(Items listed in a dataset)
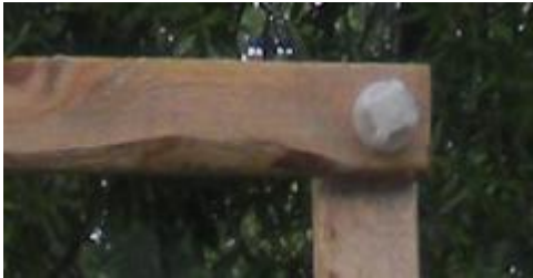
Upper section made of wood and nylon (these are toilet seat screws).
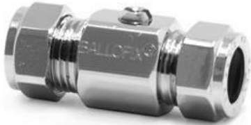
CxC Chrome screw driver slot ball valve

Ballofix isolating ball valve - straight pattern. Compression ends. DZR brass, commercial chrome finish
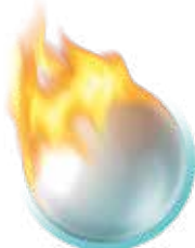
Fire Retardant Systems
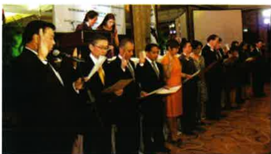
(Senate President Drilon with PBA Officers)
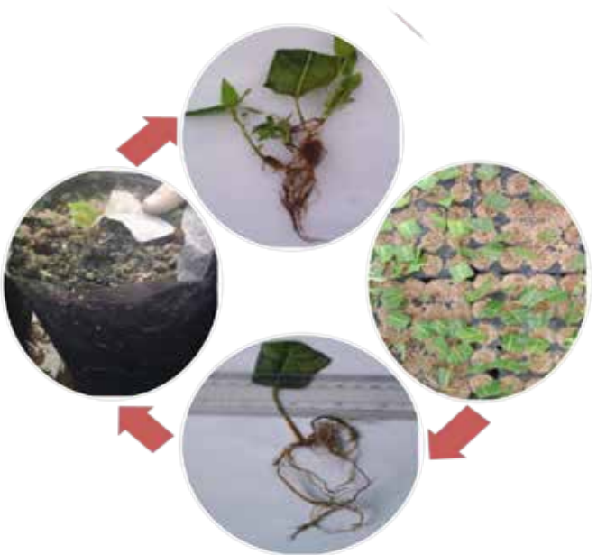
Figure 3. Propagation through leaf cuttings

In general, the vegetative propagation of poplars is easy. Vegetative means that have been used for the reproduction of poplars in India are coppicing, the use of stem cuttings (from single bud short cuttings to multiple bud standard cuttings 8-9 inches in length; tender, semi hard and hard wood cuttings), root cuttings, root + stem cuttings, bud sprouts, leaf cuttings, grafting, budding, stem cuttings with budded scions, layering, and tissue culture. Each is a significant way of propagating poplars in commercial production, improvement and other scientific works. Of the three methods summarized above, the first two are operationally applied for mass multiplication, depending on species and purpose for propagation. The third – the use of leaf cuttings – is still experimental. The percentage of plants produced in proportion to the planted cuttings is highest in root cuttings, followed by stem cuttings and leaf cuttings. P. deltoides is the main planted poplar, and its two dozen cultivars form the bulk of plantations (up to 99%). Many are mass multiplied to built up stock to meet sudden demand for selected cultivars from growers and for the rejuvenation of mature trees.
* * *
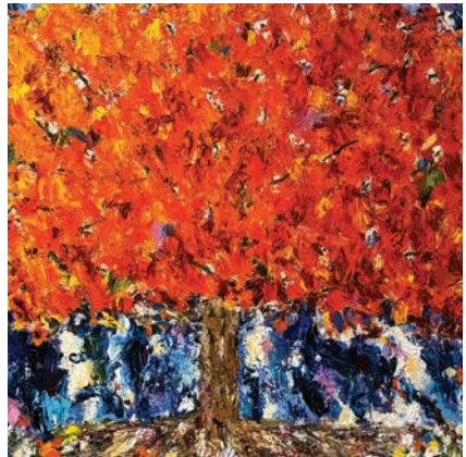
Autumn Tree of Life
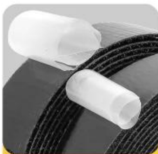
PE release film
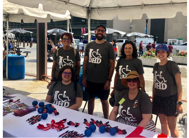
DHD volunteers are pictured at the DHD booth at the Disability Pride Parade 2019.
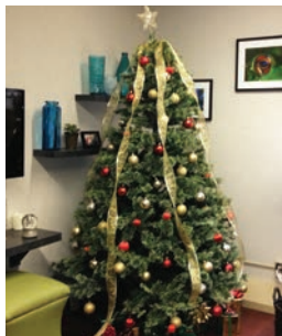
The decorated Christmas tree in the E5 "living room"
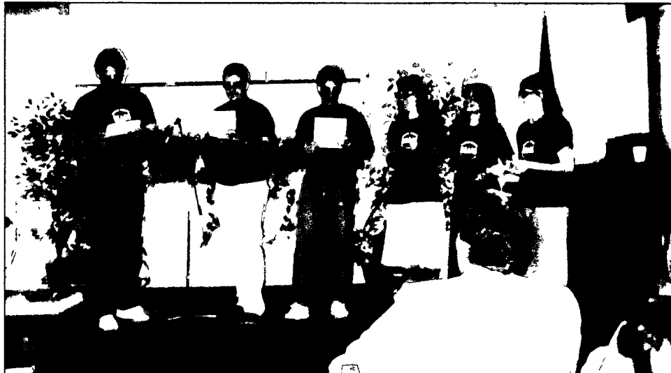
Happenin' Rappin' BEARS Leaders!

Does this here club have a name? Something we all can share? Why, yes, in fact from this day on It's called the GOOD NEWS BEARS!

▸ What is required: What you return must match the lines above from the one with "Upper section made" through the one with "Figure 3. Propagation through leaf cuttings" exactly, with both ends included and the pictures excluded.

▸ Result:
Upper section made of wood and nylon (these are toilet seat screws).
CxC Chrome screw driver slot ball valve

Ballofix isolating ball valve - straight pattern. Compression ends. DZR brass, commercial chrome finish
Fire Retardant Systems
(Senate President Drilon with PBA Officers)
Figure 3. Propagation through leaf cuttings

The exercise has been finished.